===== Records for processing =====

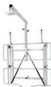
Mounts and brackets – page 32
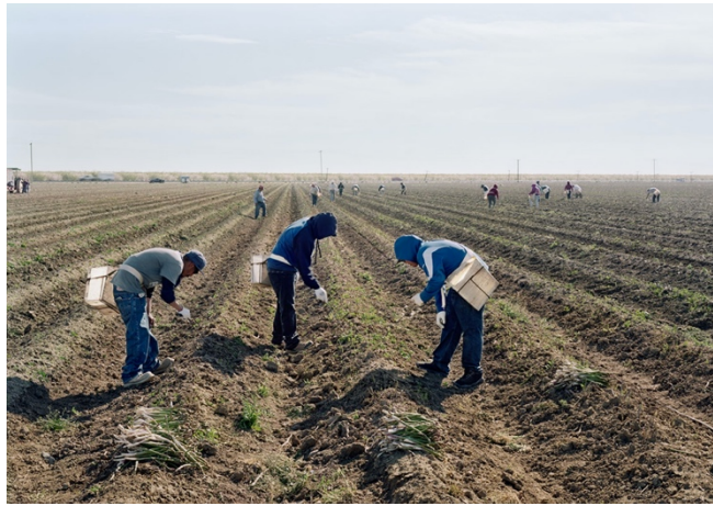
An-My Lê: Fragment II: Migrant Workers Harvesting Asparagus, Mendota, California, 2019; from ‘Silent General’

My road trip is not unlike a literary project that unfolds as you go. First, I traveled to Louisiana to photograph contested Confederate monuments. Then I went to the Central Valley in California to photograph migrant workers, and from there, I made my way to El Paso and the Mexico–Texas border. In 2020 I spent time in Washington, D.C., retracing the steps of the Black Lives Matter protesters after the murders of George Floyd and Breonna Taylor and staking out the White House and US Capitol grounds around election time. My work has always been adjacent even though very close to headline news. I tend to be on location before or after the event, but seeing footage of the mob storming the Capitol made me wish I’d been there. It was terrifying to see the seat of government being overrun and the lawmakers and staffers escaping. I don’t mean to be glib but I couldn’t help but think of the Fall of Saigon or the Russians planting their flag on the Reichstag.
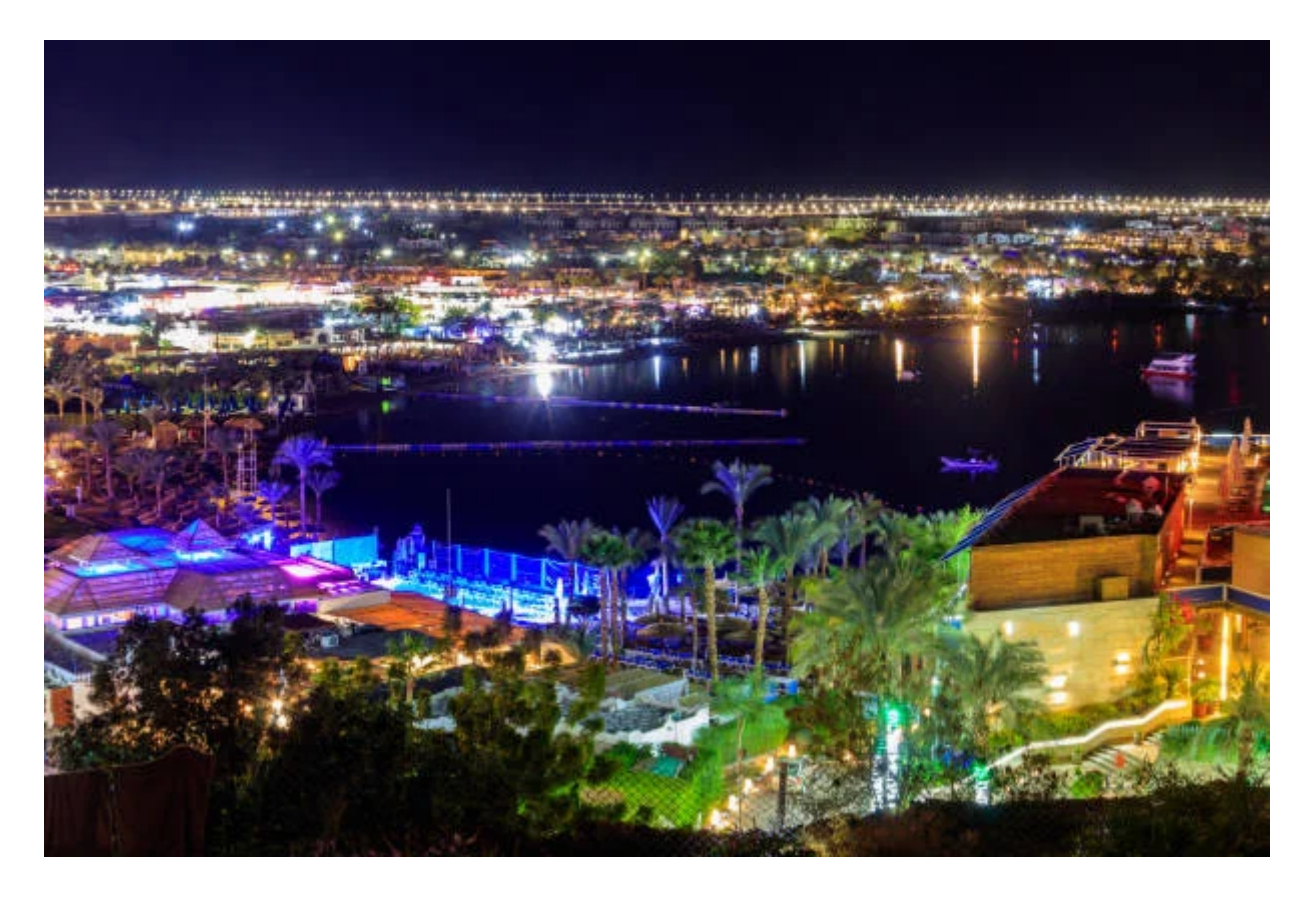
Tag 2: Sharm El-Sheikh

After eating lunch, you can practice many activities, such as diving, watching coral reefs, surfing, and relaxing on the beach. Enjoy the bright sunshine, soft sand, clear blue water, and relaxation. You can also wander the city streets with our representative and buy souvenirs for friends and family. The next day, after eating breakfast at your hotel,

=====
===== Records for processing =====

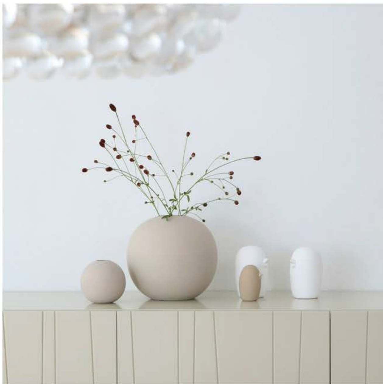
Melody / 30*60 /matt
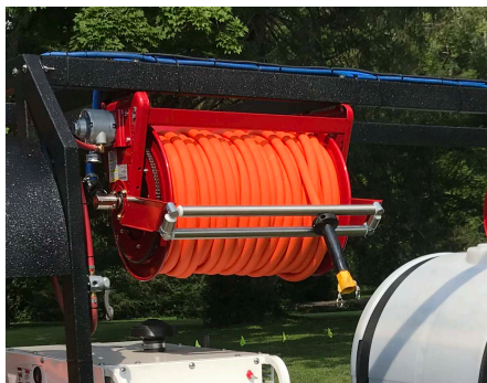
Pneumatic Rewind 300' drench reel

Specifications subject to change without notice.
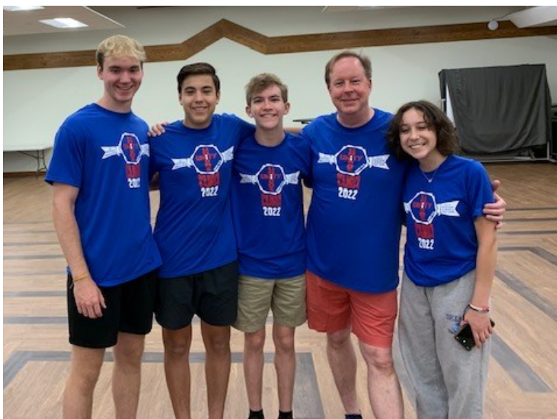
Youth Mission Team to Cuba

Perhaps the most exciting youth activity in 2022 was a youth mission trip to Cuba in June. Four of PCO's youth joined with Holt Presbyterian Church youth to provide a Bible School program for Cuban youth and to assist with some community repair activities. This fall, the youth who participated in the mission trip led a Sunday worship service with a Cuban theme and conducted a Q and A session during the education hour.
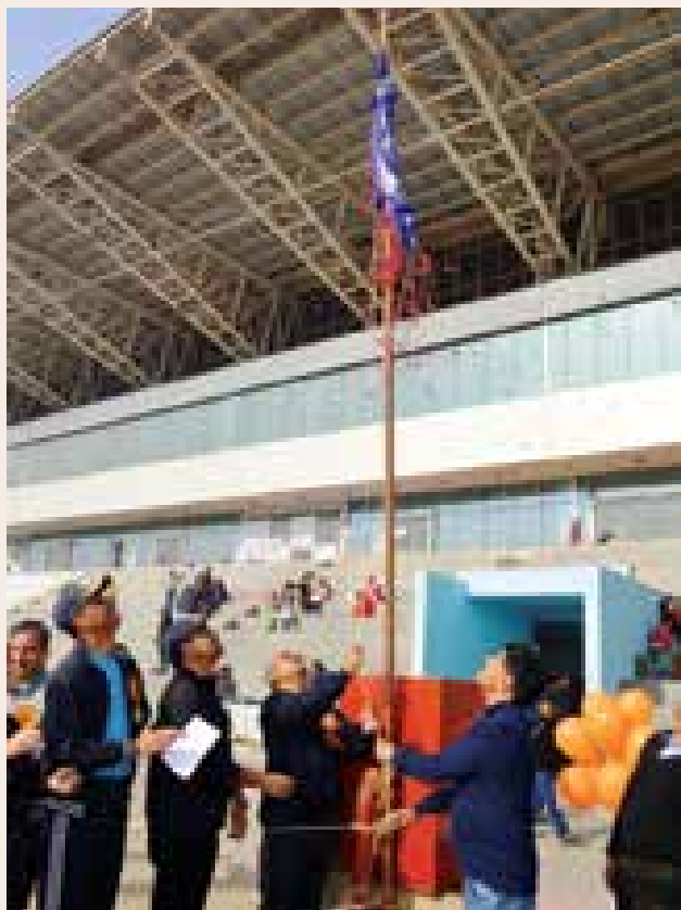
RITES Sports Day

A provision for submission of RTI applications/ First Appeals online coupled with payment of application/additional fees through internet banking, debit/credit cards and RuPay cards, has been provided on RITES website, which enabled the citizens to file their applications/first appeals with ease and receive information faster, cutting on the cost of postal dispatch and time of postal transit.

=====

### [Task]
Across the records above, in how many lines does the string "RITES" appear? Reply with the figure alone.

### [Result of this exercise]
2